If your results include more than one dataset with RR calculations for a given Ab-virus combination, the two RR values are combined into a geometric mean, indicated by an asterisk (*).
Greater than (>) and less than (<) symbols are ignored. When the IC/ID value is <x, or >x, the RR is calculated based on x.

When viewing RR values where a geometric mean has been calculated, you can still view individual values: (1) click the link to "Expand to individual vals", or (2) mouse over any value marked with * and the mouseover will show the study, dataset, and assay type of the individual IC/ID values or individual RR values.

Screenshots

Note: these screenshots were made for the HIV version of CATNAP, but most features are the same for CoV CATNAP.
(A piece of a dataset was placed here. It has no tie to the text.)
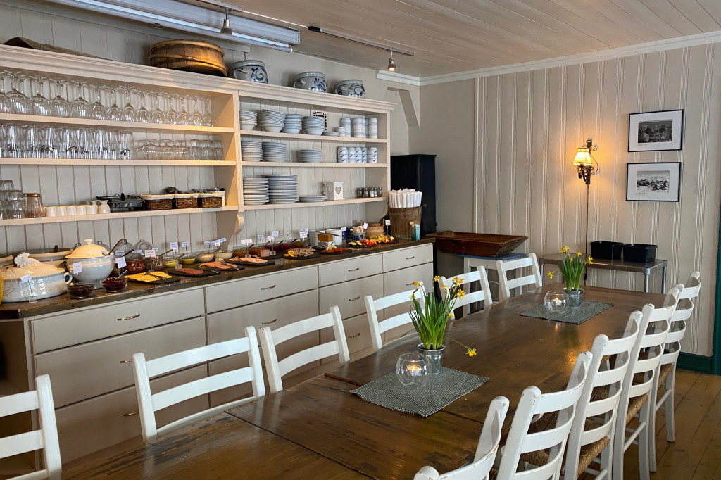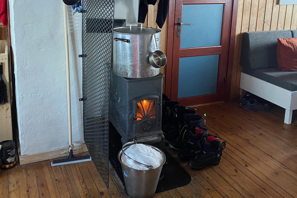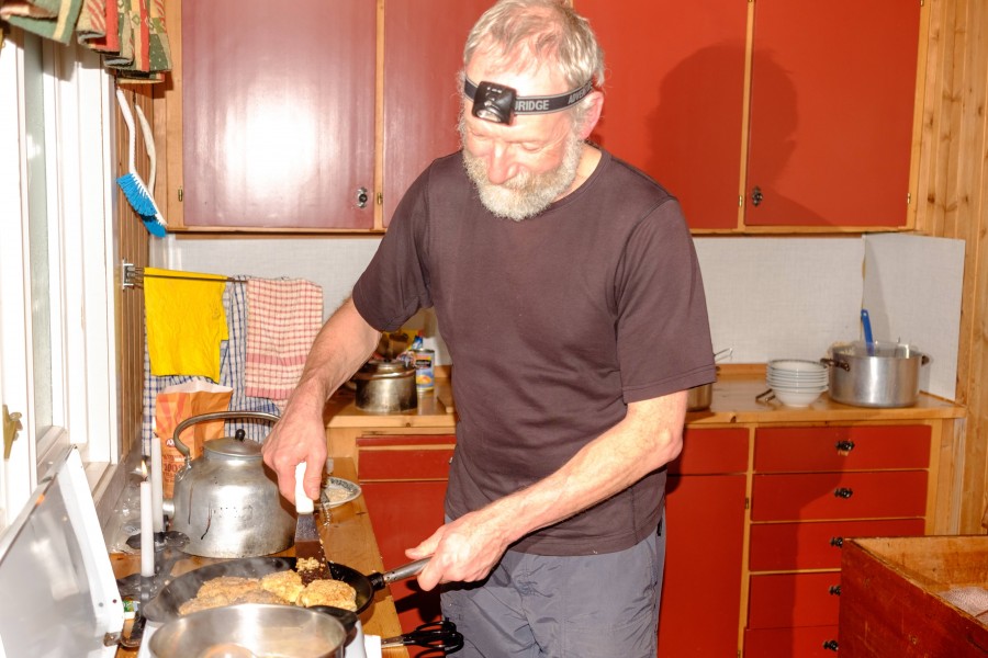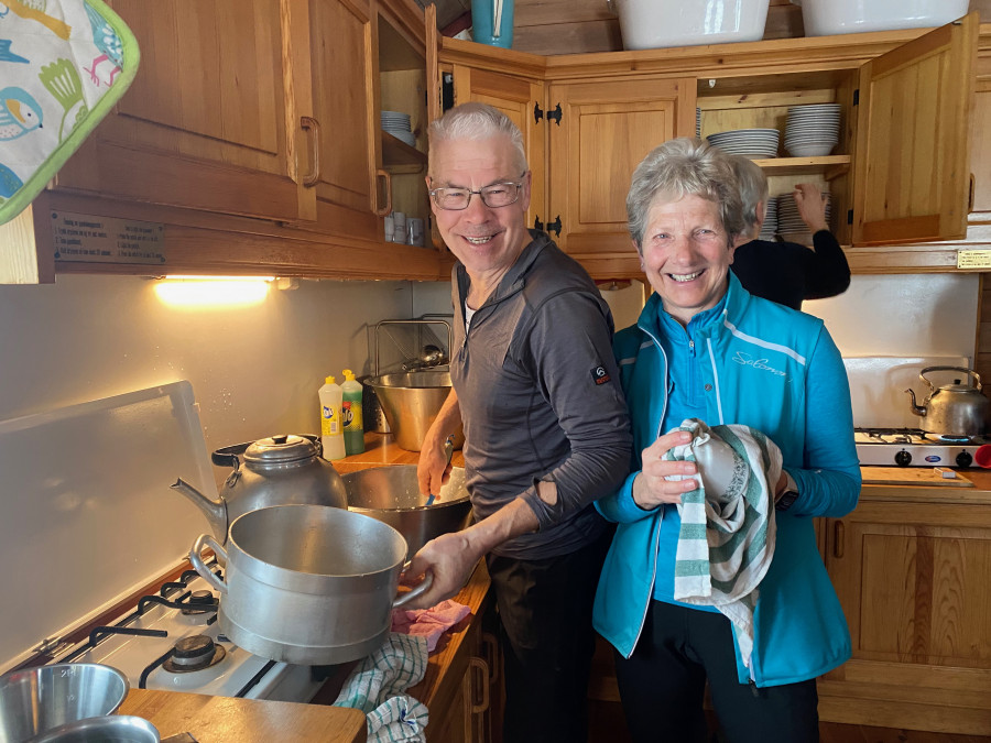 Teamwork to start our day as we all help prepare breakfast and organise our lunches. It's lovely to get the wood-burning stove fired up early, and to wake up to the sound of the kettle boiling! The great thing about the self-service huts is that they have a 'help yourself' store of dried and tinned foods. They also have a store of wood, and come with pillows and blankets. It really is an amazing system based on trust and honesty as we make a list of what we use and pay many months later when the DNT Trekking Association sends someone round the huts to collect the 'slips' that list our details and use of food.

Input page tips To SELECT ALL, check the box at the top of the column. To SORT a column, click the column heading. To SELECT BY STUDY, click tab.
Analysis page: Virus information The viruses analyzed are listed.
Analysis page: IC₅₀ and IC₈₀ data Antibodies analyzed are shown. In the example, both IC₅₀ and IC₈₀ data are shown for antibodies 4E10 and b12. Results are color-coded, as indicated by the scale at upper right. Asterisks (*) indicate data that are geometric means from multiple studies. Click "Expand" to see individual data points used to calculate geomeans. Click Download button to obtain the neutralization data shown, together with virus information.
Analysis page: Mouseovers Mouseovers show individual data points used to calculate geomeans. References are also shown.
Analysis page: alignment Aligned viral sequences are shown, with the reference sequence at the top. Numbers 10, 20, 30... are reference sequence coordinates. When a position has been selected for analysis (see screenshot below), it is highlighted in gray. Download links provide amino acid or nucleic acid alignments in Fasta or other sequence formats.
Analysis page: Ab contact positions Antibody contact positions for the antibodies analyzed are shown, if available. Click any position and it will appear in the box for "NC_045512 position".
Analysis page: widen panels You can slide the width of panels to reveal or hide information.
Analyze position Analyze any position in the alignment (for any one antibody) to see additional information: AA Count: amino acids that occur at this position. Count is broken out into the number of viruses detected by the antibody, versus undetected. NxST Count: number of viruses with a predicted glycosylation motif at this residue.